The European Union has told the Biden administration it’s concerned that US restrictions on outbound investments aimed at China could hit companies in the bloc, adding yet another trade irritant to transatlantic ties.
Senior EU officials have strongly communicated the worries to their counterparts in the US, according to people familiar with the matter and documents seen by Bloomberg.
The concern is that an executive order announced by President Joe Biden in August has extraterritorial aspects that could end up affecting trade in the EU that involves companies based in Europe with US investors on the one side and Chinese owners on the other, the people said.

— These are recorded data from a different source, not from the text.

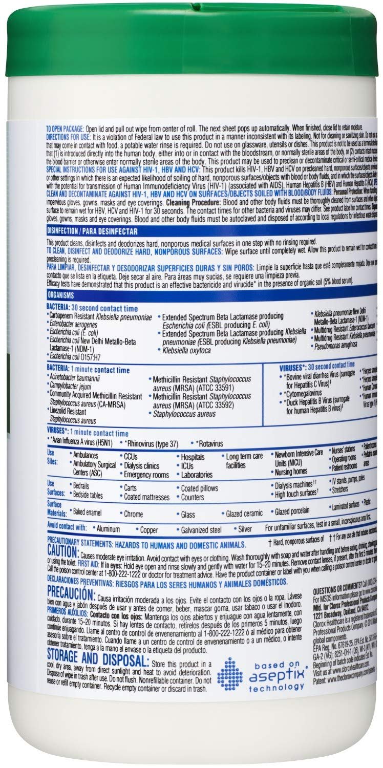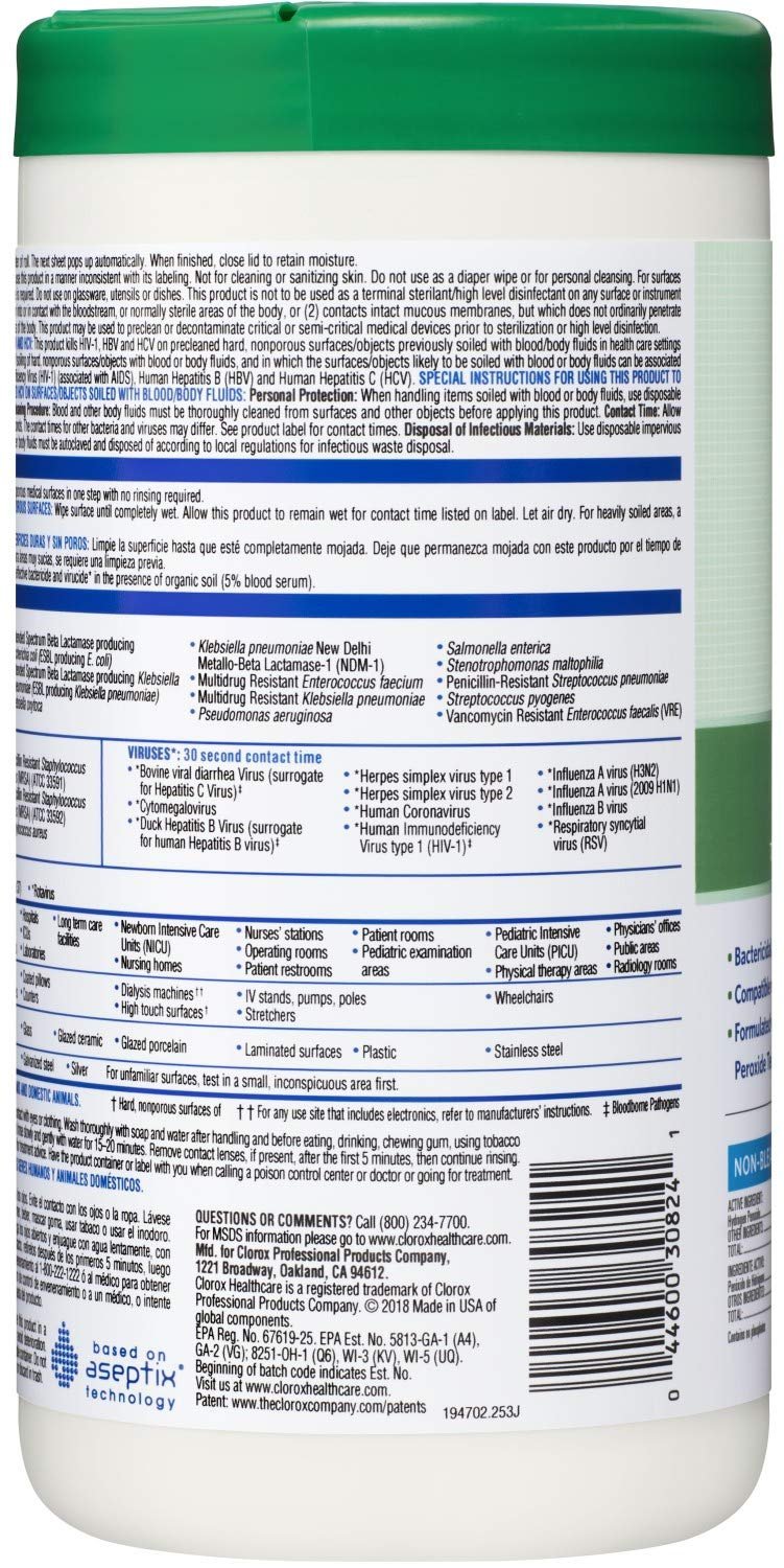 Great surface compatibility, less residue. Clorox Healthcare Hydrogen Peroxide Cleaner Disinfectant Wipes leave no harsh chemical odor or fumes and kill bacteria and viruses in 30 seconds*. Disinfect with one wipe that is registered to kill C. auris, 13 antibiotic resistant pathogens and multiple strains of MRSA. This ready to use broad spectrum disinfectant has a noncorrosive formula suitable for cleaning medical devices, common areas and high touch surfaces made of materials like stainless steel, painted metals, glass, chrome, glazed tile, plexiglass and sealed fiberglass. These Clorox Healthcare hydrogen peroxide wipes are ideal for daily use in healthcare settings including hospitals, medical facilities, outpatient facilities and long term care facilities. *See label for organisms.
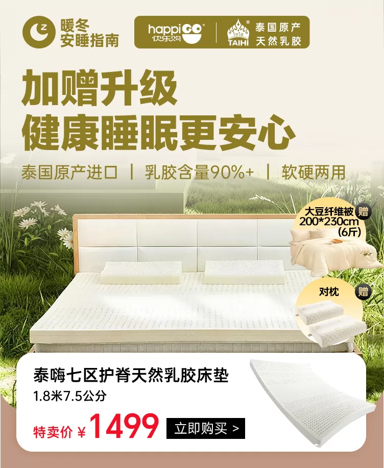 泰嗨七区护脊乳胶床垫,7分区精准承托腰椎,全身放松才能睡个好觉!1.8米大床标配,7.5cm厚度支撑力十足,限时加赠品牌对枕与暖冬被,一站式备齐冬眠装备。
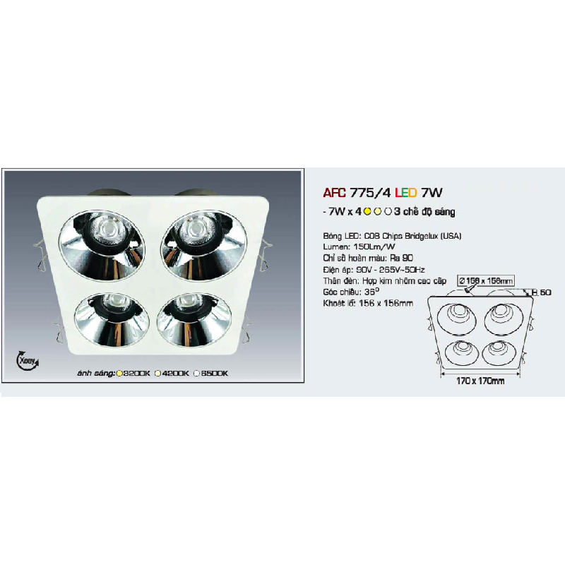 AFC 775/4 LED 7W: Đèn LED âm trần chiếu điểm 7W x4 - KT: 170 x 170mm x  H50mm - Lổ khoét: 156mm x 156mm - Ánh sáng vàng/trung tính/trắng
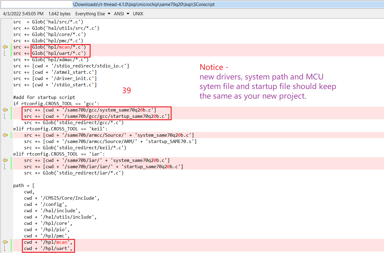 Modify rt-thread-xxx\bsp\microchip\same70q20\bsp\SConscript.
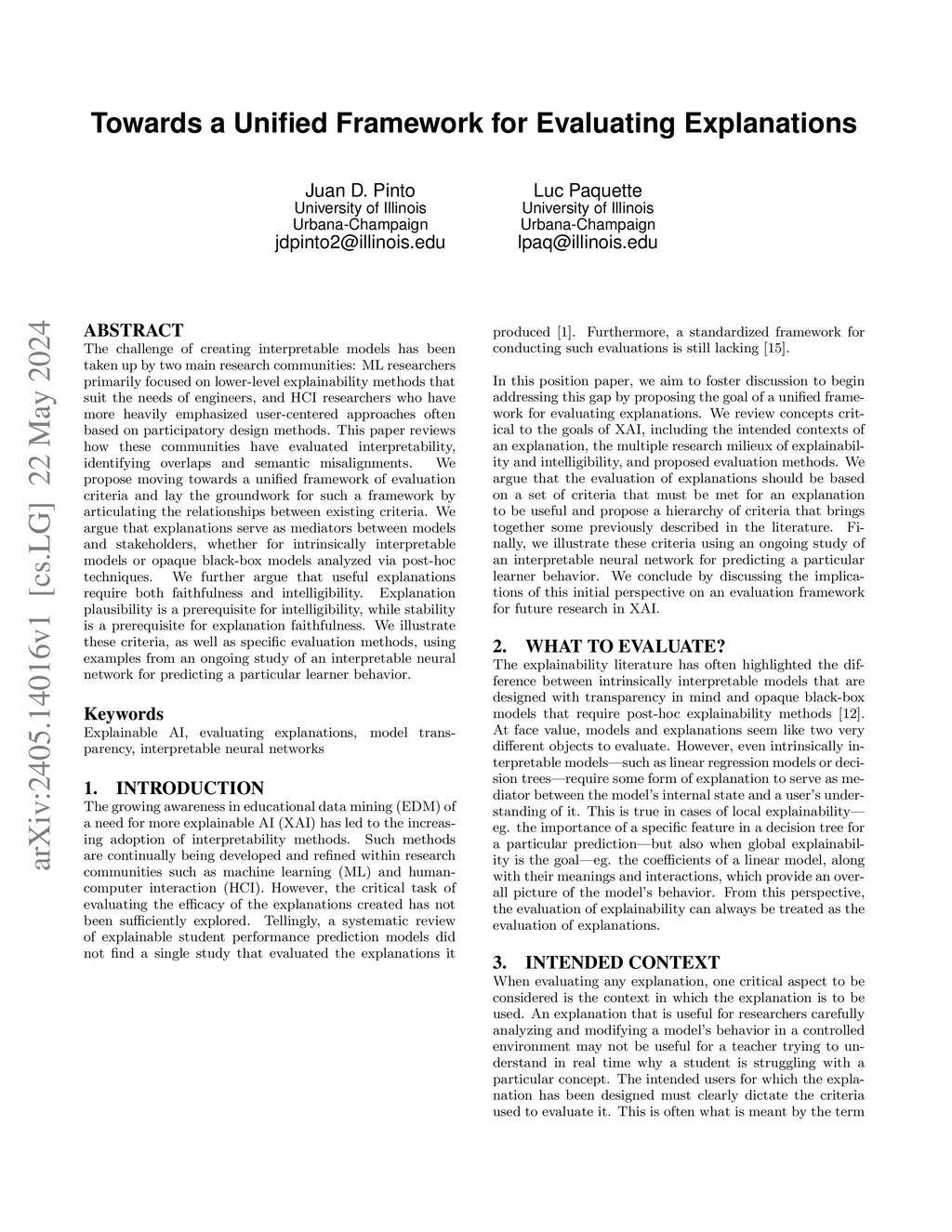 The challenge of creating interpretable models has been taken up by two main research communities: ML researchers primarily focused on lower-level explainability methods that suit the needs of engineers, and HCI researchers who have more heavily emphasized user-centered approaches often based on participatory design methods. This paper reviews how these communities have evaluated interpretability, identifying overlaps and semantic misalignments. We propose moving towards a unified framework of evaluation criteria and lay the groundwork for such a framework by articulating the relationships between existing criteria. We argue that explanations serve as mediators between models and stakeholders, whether for intrinsically interpretable models or opaque black-box models analyzed via post-hoc techniques. We further argue that useful explanations require both faithfulness and intelligibility. Explanation plausibility is a prerequisite for intelligibility, while stability is a prerequisite for explanation faithfulness. We illustrate these criteria, as well as specific evaluation methods, using examples from an ongoing study of an interpretable neural network for predicting a particular learner behavior.
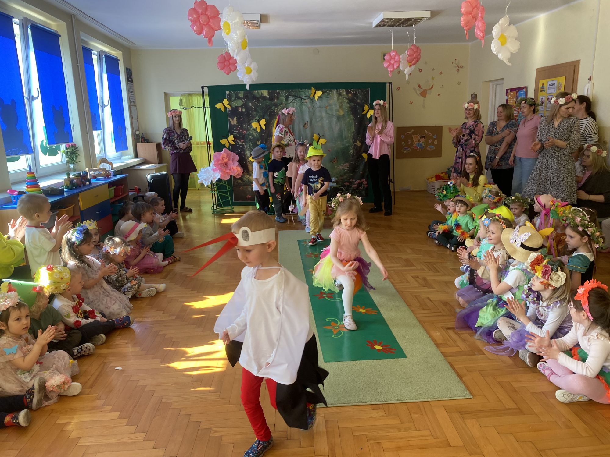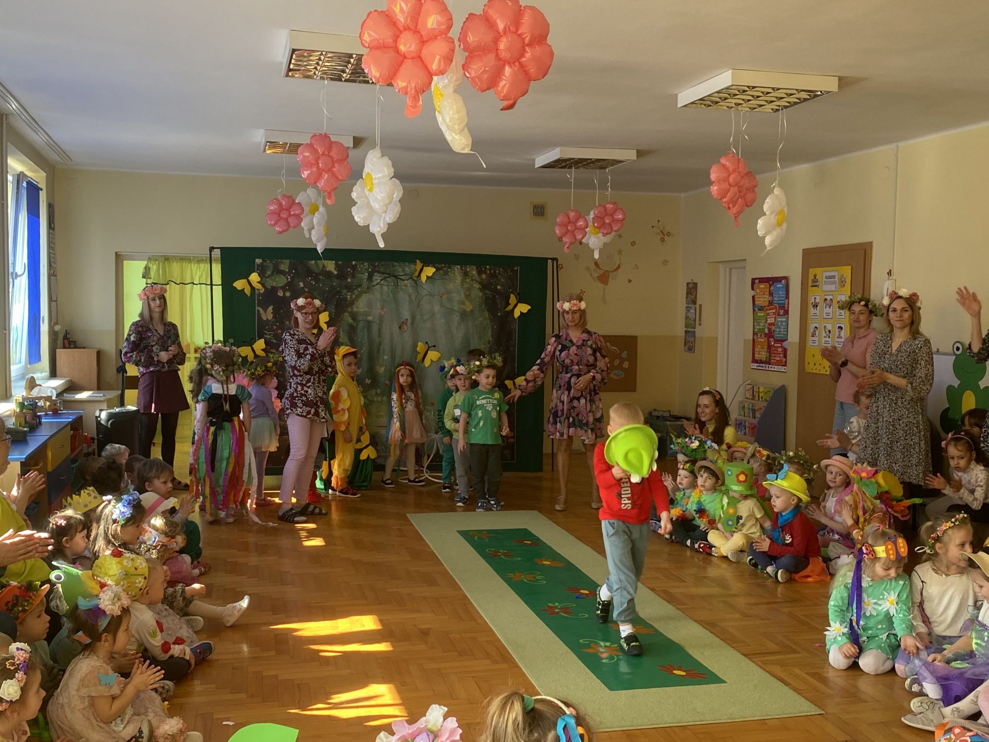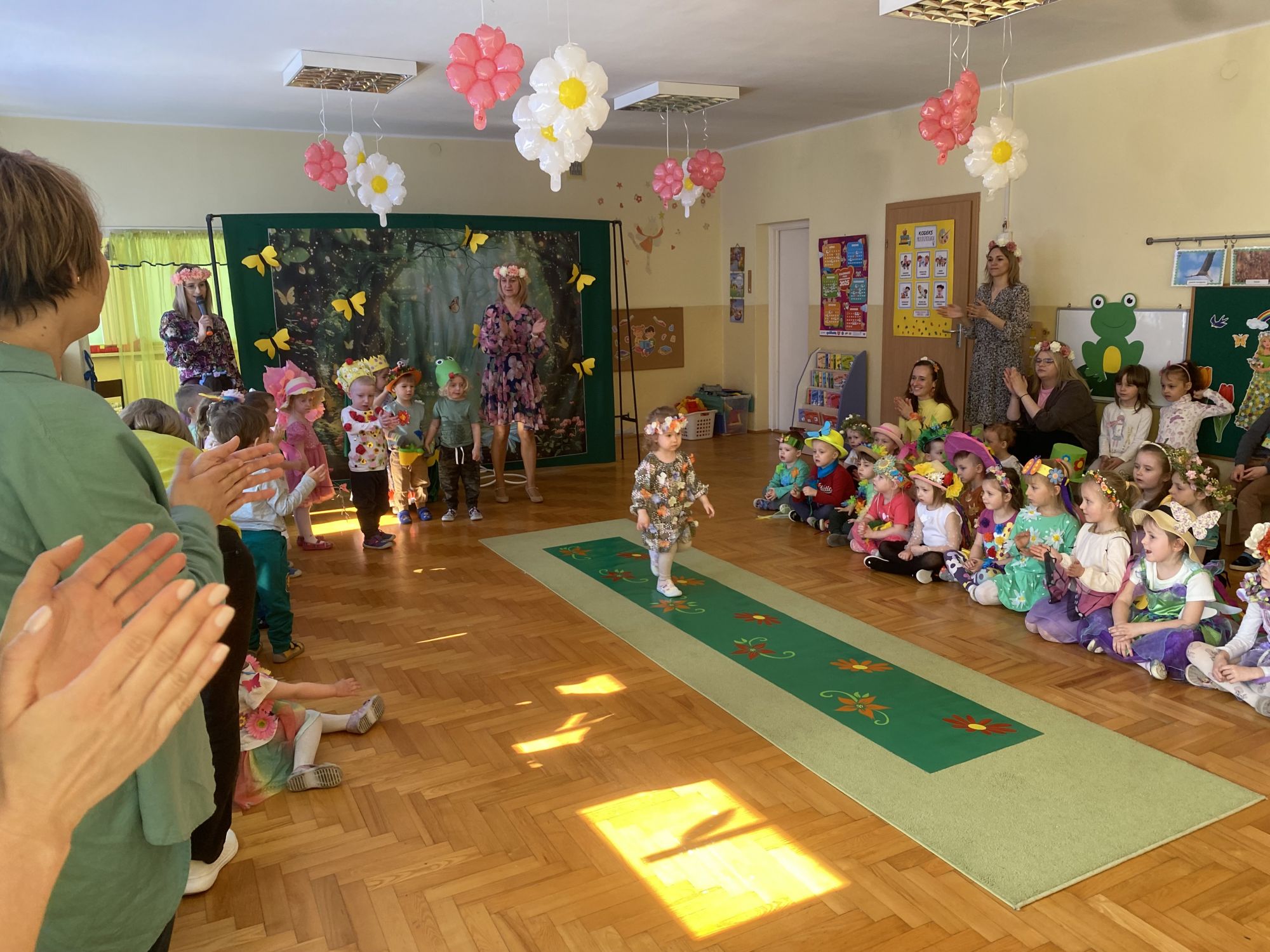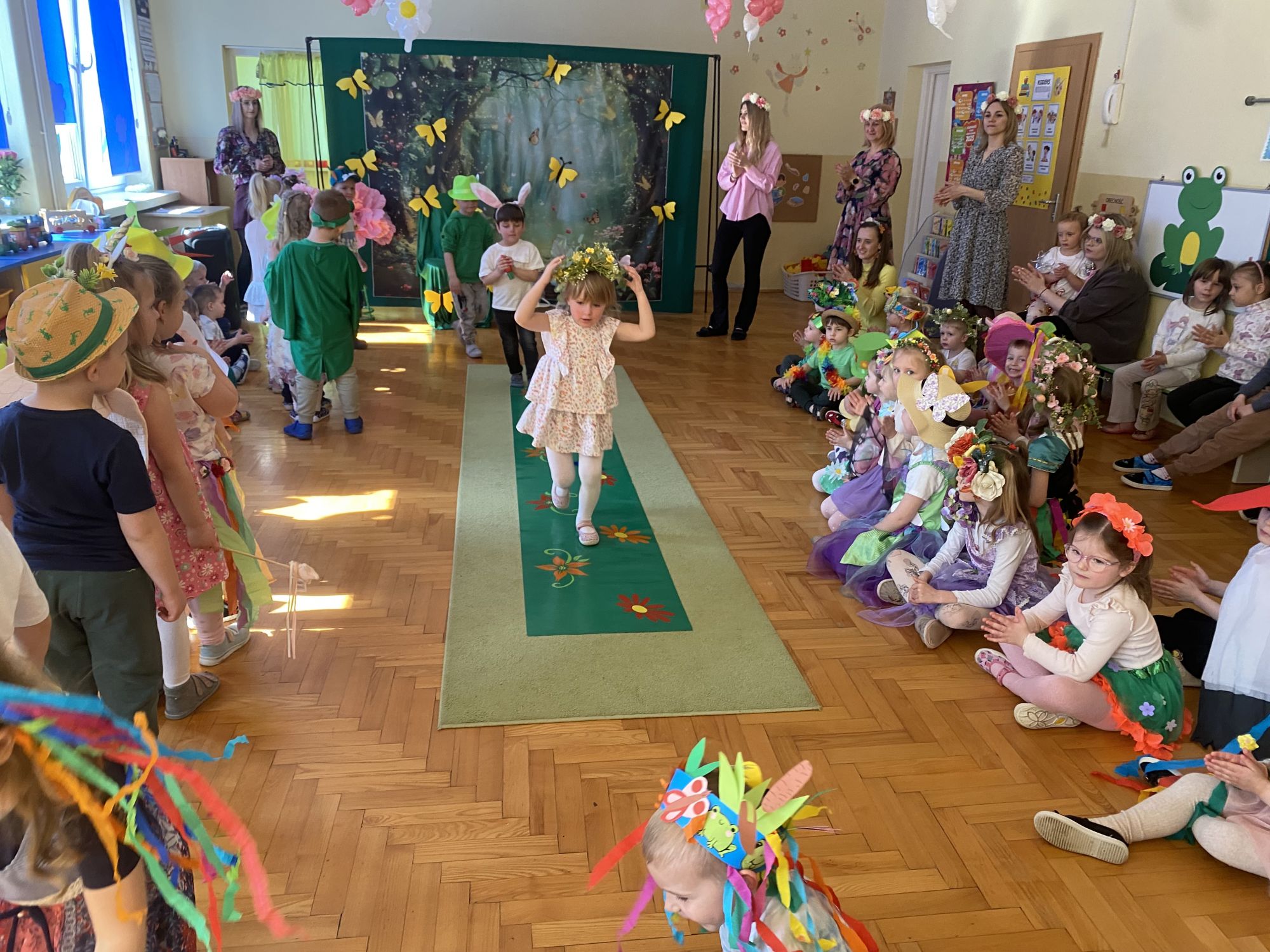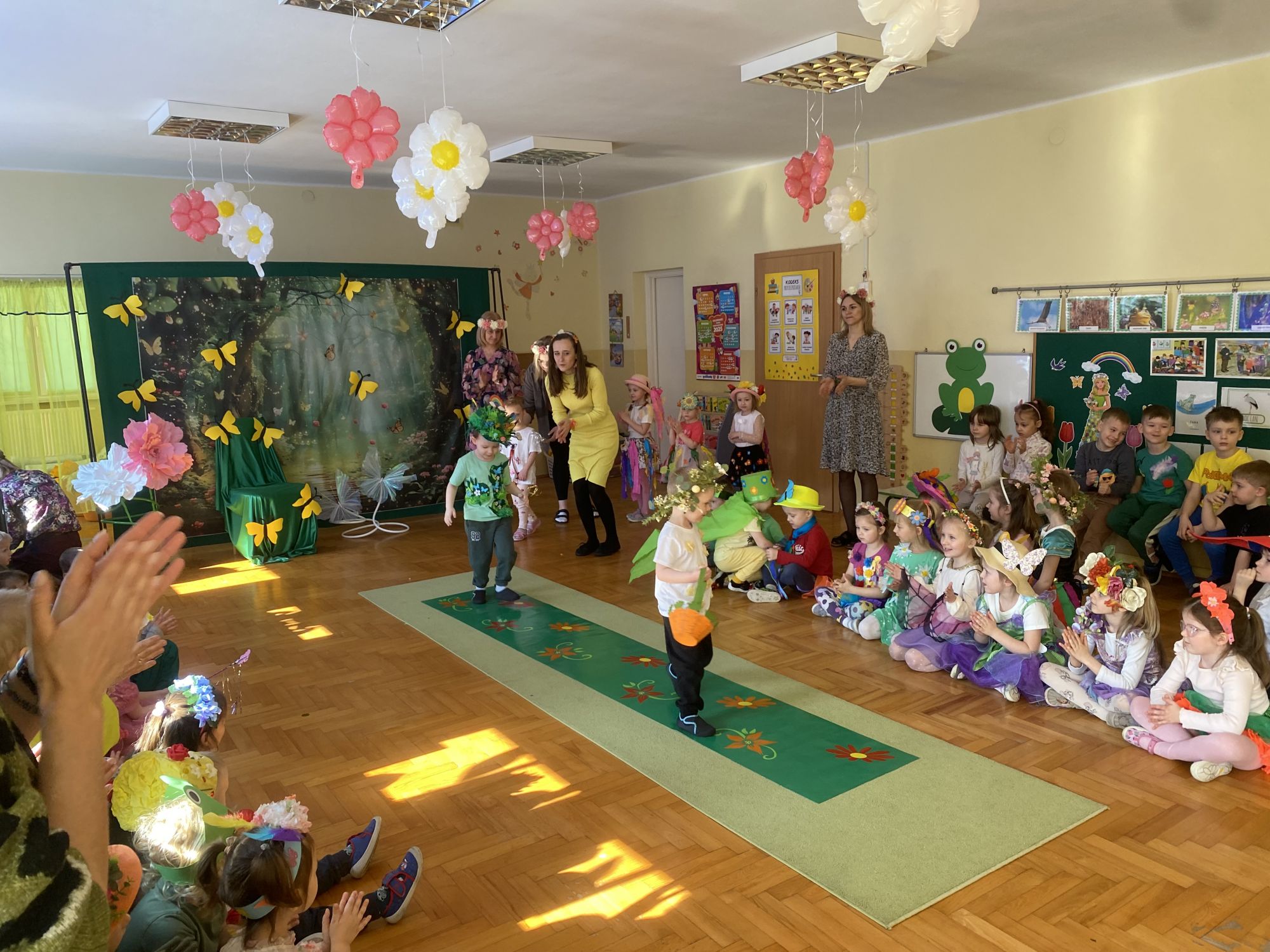 Następnie na dzieci czekały wiosenne zagadki oraz wesołe zabawy ruchowe, które wprowadziły wszystkich w doskonały nastrój. Kolejnym, bardzo wyczekiwanym punktem programu był wiosenny pokaz mody. Dzieci, ubrane w kolorowe, pomysłowe stroje inspirowane wiosną, z dumą prezentowały się na zielonym dywanie, wzbudzając zachwyt i ogromne brawa.

Though the executive order is narrow in scope — targeting some Chinese companies working primarily in areas related to artificial intelligence, quantum computing and advanced semiconductors — it would likely apply to US persons anywhere in the world, one of the people said.
A spokeswoman for the Treasury Department said the order is targeted narrowly to focus on U.S. national security interests. The EU didn’t immediately reply to a request for comment.
The EU is still analyzing the order’s full impact and aims to address the concerns before the instrument is fully implemented next year, the people said.
The concerns add to a growing list of issues facing the EU-US trade relationship. During a summit in Washington last week, the two allies failed to conclude two major deals: one on steel aimed at turning the page on Trump-era tariffs and a separate critical minerals agreement needed to provide European firms with access to some of the benefits of Biden’s green subsidies plan.
The controls on outbound investments are part of US and EU economic security plans to limit the ability of countries such as China and Russia to obtain know-how or capital for the development of advanced technologies that could be used for military purposes.
The US is further down the road in these efforts. The EU recently identified a list of critical technologies on which it will perform risk assessments, and is aiming to present its own preliminary proposal on outbound investments later this year.
“This instrument requires further work, not because of skepticism but rather because it must be precise and useful, and we need to define well what we want to control, for example the transfer of know-how, talent or capital flow,” Spain’s junior trade minister Xiana Mendez told Bloomberg News last week.